Part 2: The mission was crazy and like nothing I’d ever done before, but it was heart-pounding excitement, too.
By Elizabeth Ginns Britten — June 2004
I immediately noted that the CZ7 offered a smoother, more comfortable ride than other RIBs I’ve been on, even while we were performing sharp J turns at half to three-quarter throttle and going from idle to WOT while running over the slight chop. My boat hit a top speed of 49 knots (56.4 mph) on the GPS, thanks to the CZ7’s foam-cored fiberglass, deep-V hull, with a 24-degree deadrise aft and 35-degree deadrise forward, which let it cut through the water smoothly, allowing for maximum speed, performance, and handling. The two air-filled, neoprene pontoons enhance lateral stability and help absorb shock, which is said to make the CZ7 more stable than a hard-sided boat. (Zodiac also uses a vinylester resin that reportedly doesn’t burn and uses iso-closed foam for the hull that, according to Zodiac vice president Rick Scriven, won’t hold water.) The strakes and chines are designed to keep the ride dry and enhance stability, and there’s a Zodiac-designed, roughly two- to three-foot bracket between the stern of the boat and the engines that the company says enhances stability and makes the “24-footer behave like a 26-footer.”
The CZ7 also features Zodiac’s military shock-mitigation system (SMS), which adds to comfort while underway. The SMS system includes a SKYDEX (the same material used on Nike athletic shoes) shock-absorbing sole and cushy, hand-adjustable, four-position Ullman saddle-style seats, on which you half-stand, half-squat. As I have back problems, I was concerned about pounding over wakes for several hours while partially standing, but I felt no soreness after the ride and barely felt any of the chop while underway. Furthermore, being able to captain and have my feet on the floor is a big deal for me, being 5'1"; both were easy onboard the CZ7.
After seeing what the CZ7 is capable of, we set out on our excursion “Operation Charlie Zulu 7,” during which my group completed a fictitious mission dubbed “Operation Angry Yankee.” Our objective was to rescue the American ambassador to the fictitious country of Kentistan, who was being held captive on “Execution Island” and about to be executed by mock insurgents.
I’m not going to lie—the mission was crazy and like nothing I’d ever done before, but it was heart-pounding excitement, too. I was driving one of the two “patrol” boats, which kept the coast clear so that the two “attack” boats could get to shore and rescue the ambassador. The task required operating the CZ7 at high speeds, under pressure, and paying extra-close attention to where the other three boats were and what they were doing. After the rescue I turned the wheel over while I climbed from one vessel to another at high speed. Although I’ve never been in combat and Zodiac admits the missions are designed to be “a little hokey and a little military,” I gained a newfound appreciation for our servicemen/women; after returning the ambassador to “base,” we had a moment of silence to remember those men and women overseas who perform real-life missions like this, to defend our freedom.
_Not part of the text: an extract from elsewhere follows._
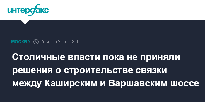 Столичные власти пока не приняли решения о строительстве связки между Каширским и Варшавским шоссе
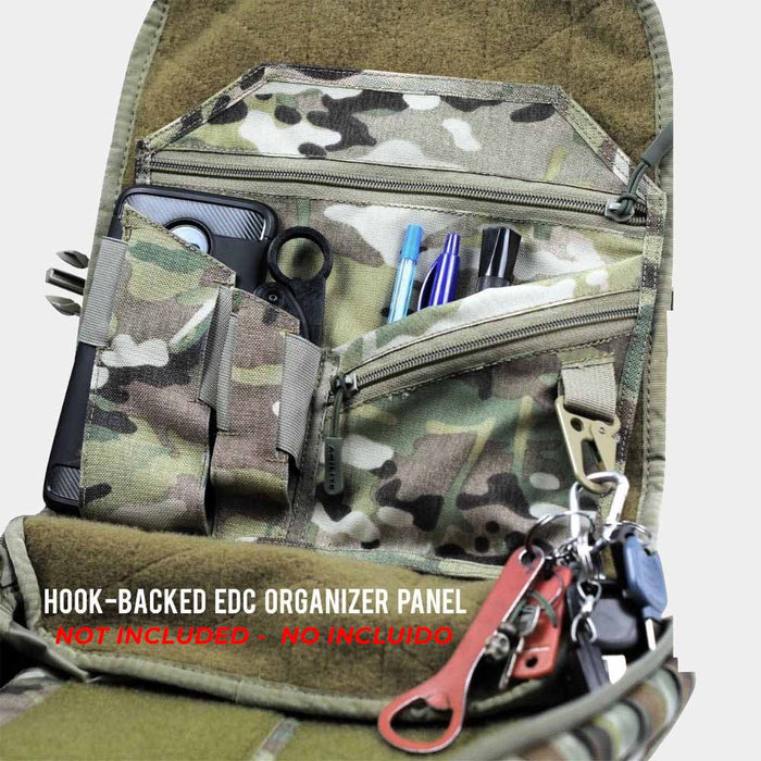 The central pocket opens completely 180º, on the inside we find the front and back wall covered with Velcro® that facilitates the anchoring of additional accessories, such as an EDC panel, CCW holster, etc., on the right side we find several elastic compartments to store multitools, flashlight or other similarly sized objects.

After the rescue and vessel swap, I said to Scriven and Zodiac president and CEO JJ. Marie, “It’s like no other boat I’ve been on before.” They delightfully replied, “That’s what we were hoping for.”
As far as RIBs go, there’s no denying the price tag puts it in a class of its own, but the CZ7 also offers a lot more than most vessels in its size range and even ones above. It’s a fun, beefy boat that adds a new dimension to recreational boating for those who want to use it as a primary boat, as it was intended, or as a tender. In fact, according to one source at the unveiling, Greg Norman has ordered one to add a new dimension to his tender collection onboard Aussie Rules.
So for the Greg Normans of the world, or anyone looking to make boating a little more extreme, check out the CZ7. You’ll be surprised how exciting RIBs can be.